Im letzten Beitrag hatte ich Ben ja inhaltlich weitesgehend beigepflichtet. Den Dalai Lama in allen Ehren als "spirituelles Oberhaupt" (was auch immer das heißen mag) nicht nur des tibetischen Buddhismus, sondern auch als Wegweiser, Meister und Lehrer vieler anderer Anhänger buddhistischer und weltanschaulicher Strömungen. Ich habe ihm die Visualisierung zu verdanken, die er mal so beschrieben hat: wenn jemand Dich wirklich anmotzt und seinen inneren Unfrieden an Dir auslassen will, stelle ihn Dir vor Deinem geistigen Auge vor als kleines Kind, wie er allein auf der Bühne vor Publikum steht und herzzerreissend weint. Automatisch empfinden wir Mitgefühl und Liebe für diesen Menschen, nehmen ihn geistig in den Arm und trösten ihn, anstatt auf seine Forderung nach Gefecht einzugehen. Ich kann nicht leugnen, daß dieser Tip schon so mancher spannungsgeladenen Situation an meinem Arbeitsplatz die Schärfe genommen hat.

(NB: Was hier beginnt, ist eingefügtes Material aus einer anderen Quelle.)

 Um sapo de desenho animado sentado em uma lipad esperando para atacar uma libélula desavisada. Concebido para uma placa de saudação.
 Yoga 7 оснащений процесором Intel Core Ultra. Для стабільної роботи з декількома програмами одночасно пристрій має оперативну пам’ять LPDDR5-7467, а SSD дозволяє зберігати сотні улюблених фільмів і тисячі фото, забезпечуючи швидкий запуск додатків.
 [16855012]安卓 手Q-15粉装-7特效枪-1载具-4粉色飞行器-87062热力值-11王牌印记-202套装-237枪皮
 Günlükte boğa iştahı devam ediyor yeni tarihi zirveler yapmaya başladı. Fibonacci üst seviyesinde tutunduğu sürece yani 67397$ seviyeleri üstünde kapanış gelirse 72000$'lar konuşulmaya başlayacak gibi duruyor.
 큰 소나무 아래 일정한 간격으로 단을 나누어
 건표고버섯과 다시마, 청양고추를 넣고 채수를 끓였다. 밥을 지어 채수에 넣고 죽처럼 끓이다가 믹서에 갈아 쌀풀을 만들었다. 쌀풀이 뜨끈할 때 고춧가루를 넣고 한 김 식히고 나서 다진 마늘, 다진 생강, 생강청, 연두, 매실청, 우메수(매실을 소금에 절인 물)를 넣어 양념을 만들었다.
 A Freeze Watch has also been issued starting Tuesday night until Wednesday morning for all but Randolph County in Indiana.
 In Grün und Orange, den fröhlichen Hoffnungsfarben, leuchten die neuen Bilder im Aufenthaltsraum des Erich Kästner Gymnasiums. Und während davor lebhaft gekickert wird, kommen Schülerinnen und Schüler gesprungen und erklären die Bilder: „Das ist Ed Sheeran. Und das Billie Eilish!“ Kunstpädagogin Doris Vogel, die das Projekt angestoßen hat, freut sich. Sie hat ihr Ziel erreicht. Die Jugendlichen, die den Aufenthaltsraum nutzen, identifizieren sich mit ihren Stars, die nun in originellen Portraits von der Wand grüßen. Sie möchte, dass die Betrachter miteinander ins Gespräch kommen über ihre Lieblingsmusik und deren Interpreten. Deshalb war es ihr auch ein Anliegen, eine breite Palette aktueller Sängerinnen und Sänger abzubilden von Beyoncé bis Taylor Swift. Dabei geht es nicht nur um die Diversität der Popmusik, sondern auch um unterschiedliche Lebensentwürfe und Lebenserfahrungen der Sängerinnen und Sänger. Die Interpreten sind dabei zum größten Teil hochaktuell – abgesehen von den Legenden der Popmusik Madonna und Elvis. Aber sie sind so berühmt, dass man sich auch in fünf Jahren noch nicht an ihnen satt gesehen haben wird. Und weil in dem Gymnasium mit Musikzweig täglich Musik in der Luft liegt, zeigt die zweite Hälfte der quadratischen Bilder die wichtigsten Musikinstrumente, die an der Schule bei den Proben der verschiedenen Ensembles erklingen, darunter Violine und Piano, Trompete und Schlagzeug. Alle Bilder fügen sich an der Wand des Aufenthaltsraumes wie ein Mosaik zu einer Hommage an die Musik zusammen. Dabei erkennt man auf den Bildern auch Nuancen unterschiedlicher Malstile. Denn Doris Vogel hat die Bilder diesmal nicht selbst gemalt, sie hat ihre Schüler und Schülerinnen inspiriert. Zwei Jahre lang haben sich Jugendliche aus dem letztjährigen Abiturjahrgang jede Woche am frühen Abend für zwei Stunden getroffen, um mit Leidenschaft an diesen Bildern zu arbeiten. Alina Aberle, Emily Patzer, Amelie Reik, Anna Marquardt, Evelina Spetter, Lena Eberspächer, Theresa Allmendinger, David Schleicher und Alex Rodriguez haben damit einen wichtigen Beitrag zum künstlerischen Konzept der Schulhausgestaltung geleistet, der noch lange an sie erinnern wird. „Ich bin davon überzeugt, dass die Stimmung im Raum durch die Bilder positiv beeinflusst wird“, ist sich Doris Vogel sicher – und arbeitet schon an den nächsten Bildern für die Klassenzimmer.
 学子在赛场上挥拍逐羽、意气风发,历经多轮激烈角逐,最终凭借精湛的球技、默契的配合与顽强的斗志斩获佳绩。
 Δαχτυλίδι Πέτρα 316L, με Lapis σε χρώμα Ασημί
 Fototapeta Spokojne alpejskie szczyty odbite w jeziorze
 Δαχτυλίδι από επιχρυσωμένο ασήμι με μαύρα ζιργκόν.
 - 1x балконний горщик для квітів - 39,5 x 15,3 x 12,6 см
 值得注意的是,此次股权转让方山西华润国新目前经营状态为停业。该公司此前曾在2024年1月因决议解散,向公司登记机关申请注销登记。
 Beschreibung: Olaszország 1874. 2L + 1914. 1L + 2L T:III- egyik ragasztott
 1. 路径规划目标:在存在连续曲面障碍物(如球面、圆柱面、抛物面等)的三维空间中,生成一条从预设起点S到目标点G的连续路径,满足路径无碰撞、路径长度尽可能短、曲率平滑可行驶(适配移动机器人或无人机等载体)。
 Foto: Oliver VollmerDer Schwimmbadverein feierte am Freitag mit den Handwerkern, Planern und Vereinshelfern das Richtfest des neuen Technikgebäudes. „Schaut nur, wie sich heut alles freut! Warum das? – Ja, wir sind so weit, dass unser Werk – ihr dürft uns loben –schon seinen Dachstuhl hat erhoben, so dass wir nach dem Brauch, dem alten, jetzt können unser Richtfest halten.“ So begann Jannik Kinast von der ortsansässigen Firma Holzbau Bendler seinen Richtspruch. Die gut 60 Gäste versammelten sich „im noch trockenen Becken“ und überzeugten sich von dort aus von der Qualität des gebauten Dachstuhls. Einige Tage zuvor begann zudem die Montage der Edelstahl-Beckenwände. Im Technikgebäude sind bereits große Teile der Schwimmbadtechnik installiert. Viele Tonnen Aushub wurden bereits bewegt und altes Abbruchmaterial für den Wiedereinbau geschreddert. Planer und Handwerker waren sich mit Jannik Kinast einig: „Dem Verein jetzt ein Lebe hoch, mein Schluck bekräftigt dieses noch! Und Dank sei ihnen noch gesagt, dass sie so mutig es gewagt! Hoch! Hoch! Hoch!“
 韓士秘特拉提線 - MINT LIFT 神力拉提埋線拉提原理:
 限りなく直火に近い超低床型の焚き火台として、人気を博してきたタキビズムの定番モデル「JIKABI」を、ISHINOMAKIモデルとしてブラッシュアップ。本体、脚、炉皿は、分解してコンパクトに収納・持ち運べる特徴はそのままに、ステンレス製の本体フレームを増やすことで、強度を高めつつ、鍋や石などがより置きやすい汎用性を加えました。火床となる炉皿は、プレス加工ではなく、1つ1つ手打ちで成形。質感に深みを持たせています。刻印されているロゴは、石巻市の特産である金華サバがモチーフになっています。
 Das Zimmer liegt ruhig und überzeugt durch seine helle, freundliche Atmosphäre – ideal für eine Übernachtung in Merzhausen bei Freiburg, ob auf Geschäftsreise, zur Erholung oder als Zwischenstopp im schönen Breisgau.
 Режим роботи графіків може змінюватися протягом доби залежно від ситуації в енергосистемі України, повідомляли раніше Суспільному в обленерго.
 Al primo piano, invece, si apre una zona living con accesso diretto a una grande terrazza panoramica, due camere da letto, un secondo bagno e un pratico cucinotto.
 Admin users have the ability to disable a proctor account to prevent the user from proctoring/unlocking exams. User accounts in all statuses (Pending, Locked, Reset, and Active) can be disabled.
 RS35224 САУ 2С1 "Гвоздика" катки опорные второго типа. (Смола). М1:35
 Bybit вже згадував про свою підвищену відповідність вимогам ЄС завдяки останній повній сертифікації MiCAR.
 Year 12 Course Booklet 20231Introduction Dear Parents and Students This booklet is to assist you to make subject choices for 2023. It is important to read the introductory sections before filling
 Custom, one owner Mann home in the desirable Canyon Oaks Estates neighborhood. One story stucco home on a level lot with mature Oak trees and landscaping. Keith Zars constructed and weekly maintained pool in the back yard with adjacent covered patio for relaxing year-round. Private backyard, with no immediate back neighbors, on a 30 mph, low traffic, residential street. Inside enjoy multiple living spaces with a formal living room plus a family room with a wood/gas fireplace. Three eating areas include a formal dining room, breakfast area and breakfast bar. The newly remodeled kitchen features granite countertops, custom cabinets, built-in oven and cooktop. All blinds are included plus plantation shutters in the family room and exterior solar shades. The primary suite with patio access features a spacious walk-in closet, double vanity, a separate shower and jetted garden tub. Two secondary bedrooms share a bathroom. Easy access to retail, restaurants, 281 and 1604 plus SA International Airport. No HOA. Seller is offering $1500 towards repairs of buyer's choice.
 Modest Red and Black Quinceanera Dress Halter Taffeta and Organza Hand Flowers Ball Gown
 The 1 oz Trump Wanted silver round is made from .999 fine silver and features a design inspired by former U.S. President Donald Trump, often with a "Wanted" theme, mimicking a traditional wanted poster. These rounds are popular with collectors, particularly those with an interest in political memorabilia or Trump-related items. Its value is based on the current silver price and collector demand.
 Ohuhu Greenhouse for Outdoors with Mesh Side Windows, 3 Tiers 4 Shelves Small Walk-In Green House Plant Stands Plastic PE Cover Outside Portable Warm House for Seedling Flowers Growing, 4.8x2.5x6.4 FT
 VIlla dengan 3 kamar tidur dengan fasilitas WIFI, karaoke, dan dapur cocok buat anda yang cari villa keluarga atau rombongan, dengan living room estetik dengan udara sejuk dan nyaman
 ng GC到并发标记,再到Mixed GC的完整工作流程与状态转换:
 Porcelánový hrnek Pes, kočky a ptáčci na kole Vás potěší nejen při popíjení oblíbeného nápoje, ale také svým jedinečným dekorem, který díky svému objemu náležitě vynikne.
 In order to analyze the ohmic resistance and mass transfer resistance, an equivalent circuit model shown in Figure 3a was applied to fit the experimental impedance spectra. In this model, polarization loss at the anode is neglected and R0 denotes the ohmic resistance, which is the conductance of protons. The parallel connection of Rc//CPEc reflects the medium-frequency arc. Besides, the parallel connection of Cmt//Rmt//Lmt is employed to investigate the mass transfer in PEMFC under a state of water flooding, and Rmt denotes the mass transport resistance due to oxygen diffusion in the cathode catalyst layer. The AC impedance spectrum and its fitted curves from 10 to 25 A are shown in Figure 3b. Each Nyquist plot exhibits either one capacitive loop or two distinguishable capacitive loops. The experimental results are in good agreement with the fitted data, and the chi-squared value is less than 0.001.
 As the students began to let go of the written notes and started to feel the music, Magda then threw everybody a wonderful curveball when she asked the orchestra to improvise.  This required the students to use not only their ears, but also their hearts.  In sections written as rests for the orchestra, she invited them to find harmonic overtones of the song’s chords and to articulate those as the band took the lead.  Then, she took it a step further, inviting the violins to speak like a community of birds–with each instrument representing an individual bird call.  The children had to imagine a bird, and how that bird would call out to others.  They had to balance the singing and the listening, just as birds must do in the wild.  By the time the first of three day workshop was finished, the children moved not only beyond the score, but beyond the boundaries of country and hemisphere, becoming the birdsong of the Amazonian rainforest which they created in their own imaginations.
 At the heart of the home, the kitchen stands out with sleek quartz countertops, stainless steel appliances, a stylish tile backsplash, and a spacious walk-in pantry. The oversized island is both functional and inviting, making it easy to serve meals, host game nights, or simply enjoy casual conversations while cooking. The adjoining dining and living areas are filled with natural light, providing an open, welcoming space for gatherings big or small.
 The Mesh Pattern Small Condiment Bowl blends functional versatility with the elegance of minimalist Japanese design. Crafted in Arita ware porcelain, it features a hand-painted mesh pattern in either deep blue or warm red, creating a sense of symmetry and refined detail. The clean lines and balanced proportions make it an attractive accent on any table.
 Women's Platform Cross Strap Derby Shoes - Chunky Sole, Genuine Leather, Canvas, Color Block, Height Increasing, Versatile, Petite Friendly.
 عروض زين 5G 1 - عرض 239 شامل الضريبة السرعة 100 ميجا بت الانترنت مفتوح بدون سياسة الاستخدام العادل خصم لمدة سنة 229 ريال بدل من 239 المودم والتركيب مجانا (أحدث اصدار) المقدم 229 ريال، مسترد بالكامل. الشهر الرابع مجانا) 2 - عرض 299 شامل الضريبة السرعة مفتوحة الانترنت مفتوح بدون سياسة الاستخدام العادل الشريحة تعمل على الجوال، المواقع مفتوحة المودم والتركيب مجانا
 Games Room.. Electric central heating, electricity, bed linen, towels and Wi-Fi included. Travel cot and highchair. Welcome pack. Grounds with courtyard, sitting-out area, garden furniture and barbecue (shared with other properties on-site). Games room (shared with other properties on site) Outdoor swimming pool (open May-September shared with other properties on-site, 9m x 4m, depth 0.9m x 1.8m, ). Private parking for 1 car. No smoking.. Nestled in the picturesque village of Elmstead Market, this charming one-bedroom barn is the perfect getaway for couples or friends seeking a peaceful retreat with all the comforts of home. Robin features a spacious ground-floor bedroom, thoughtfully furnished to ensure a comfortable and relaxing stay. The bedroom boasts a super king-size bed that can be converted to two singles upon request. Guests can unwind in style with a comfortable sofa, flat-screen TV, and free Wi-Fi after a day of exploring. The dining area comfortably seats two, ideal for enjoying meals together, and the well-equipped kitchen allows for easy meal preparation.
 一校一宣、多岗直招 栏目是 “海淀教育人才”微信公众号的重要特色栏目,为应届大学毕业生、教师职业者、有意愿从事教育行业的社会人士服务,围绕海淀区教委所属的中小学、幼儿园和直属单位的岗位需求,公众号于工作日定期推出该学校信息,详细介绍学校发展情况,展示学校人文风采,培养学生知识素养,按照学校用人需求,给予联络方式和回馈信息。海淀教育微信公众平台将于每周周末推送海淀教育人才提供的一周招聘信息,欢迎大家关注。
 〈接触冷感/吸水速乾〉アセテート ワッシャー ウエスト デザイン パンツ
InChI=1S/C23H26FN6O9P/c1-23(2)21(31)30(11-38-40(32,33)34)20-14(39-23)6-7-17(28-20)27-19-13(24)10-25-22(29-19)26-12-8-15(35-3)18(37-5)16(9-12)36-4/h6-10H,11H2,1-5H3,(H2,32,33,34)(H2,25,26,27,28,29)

Allerdings bin ich der Überzeugung, daß Seine Heiligkeit manchmal noch ein wenig zu kurz denkt. Es geht nicht nur um Tibet, es geht um die gesamte menschliche Spezies; das Leid der Welt und die Situation, in der wir uns kollektiv befinden, ist nicht mit karmischen Vergangenheitsaufarbeitungen zu lösen (so ist es halt gewollt und deswegen ganz gut), sondern "progressiv, dynamisch, mit Phantasie - aber sachlich" (Franz Josef Degenhardt) und zukunftsgewandt. Hier sollten er und der Pontifex aus Rom vielleicht mal aus dem goldenen Käfig ihrer Regentschaft über Millionen Gläubige heraustreten und ihre mediale Dauerpräsenz, wenn sie denn schon angeblich so ungeliebt und ungewollt ist, dazu nutzen, mal klare Worte zu sprechen. Der historische Buddha hat seine Weisheit nicht vom Throne in seinem Palast aus erlangt, sondern indem er vor die Tore trat und das Leid hautnah erlebte, extreme Wege beschritt, um zu seiner Mitte zu gelangen. Ich sage nicht, daß der Lama nicht weiß, was abgeht und spreche ihm nicht lebenslange Erfahrung ab. Ich behaupte jedoch, daß sein Status, seine Beliebtheit und sein regelmäßiger Verkehr mit den Mächtigen der Welt den Blick auf die Sicht der Dinge verklärt hat. Seine wirkungslos gebliebenen Reden vor UN-Vollversammlungen entlarvten ihn lediglich als König ohne Macht, Land, Thron und Volk, und so verkommt er - und gewiss nicht ohne sein Zutun - zu einem drolligen Kerlchen, das zwischen Politikern hin- und hergereicht wird; schon sind die Marionetten ohne Macht unter sich, als fotogene Kulisse für die Volksmassen zur Beruhigung und Simulation spiritueller Friedensbemühungen. Er ist kein Prophet, Propheten sind unbequem und sprechen Wahrheiten aus, die niemand hören will; Wahrheit wird nicht in der Bild gedruckt.

Jetzt zur Form. Wie tommy gehe ich zu Bens Gunsten davon aus, daß er nur mal wieder provozieren und polarisieren wollte und deswegen bewußt ganz mutig auf den armen Dalai Lama eingeprügelt hat, hier, wo ihm der Gute nicht höchstpersönlich mit dem Todesstrahl der Shaolin plattmachen kann. Wie ich bereits in meiner philosophischen Auslassung über Form und Inhalt an anderer Stelle darlegte, gibt die Form den Inhalt vor; d.h. in ein Wasserglas paßt die Flasche Bier nicht rein. Inhaltlich sollte wohl politische Kritik an der Oberflächlichkeit des medialen Lama-Hypes geübt werden, formell handelt es sich jedoch um nichts weiter als eine auf böse gebürstete F.J.-Wagner-Kolumne. Was haben die Armutsstatistiken (30.000 hungertote Kinder täglich) und das Massensterben in Afrika mit dem Besuch des Dalai Lama bei Jürgen Rüttgers zu tun - seit wann ist Leid vergleichbar? Seit wann wird der Dalai Lama "willkürlich" ausgeguckt - ist das nicht ein wenig spitz formuliert angesichts der Tatsache, daß da eine Menge Orakelbefragung ("Okkultismus", wie Lizas Welt schreibt) mit im Spiel ist?

Und was soll das heißen, Afrika habe keinen "Komischen Heiligen" zu bieten - was ist denn mit Nelson Mandela? Was ist aus der Saat seiner Bestrebungen für den schwarzen Kontinent geworden?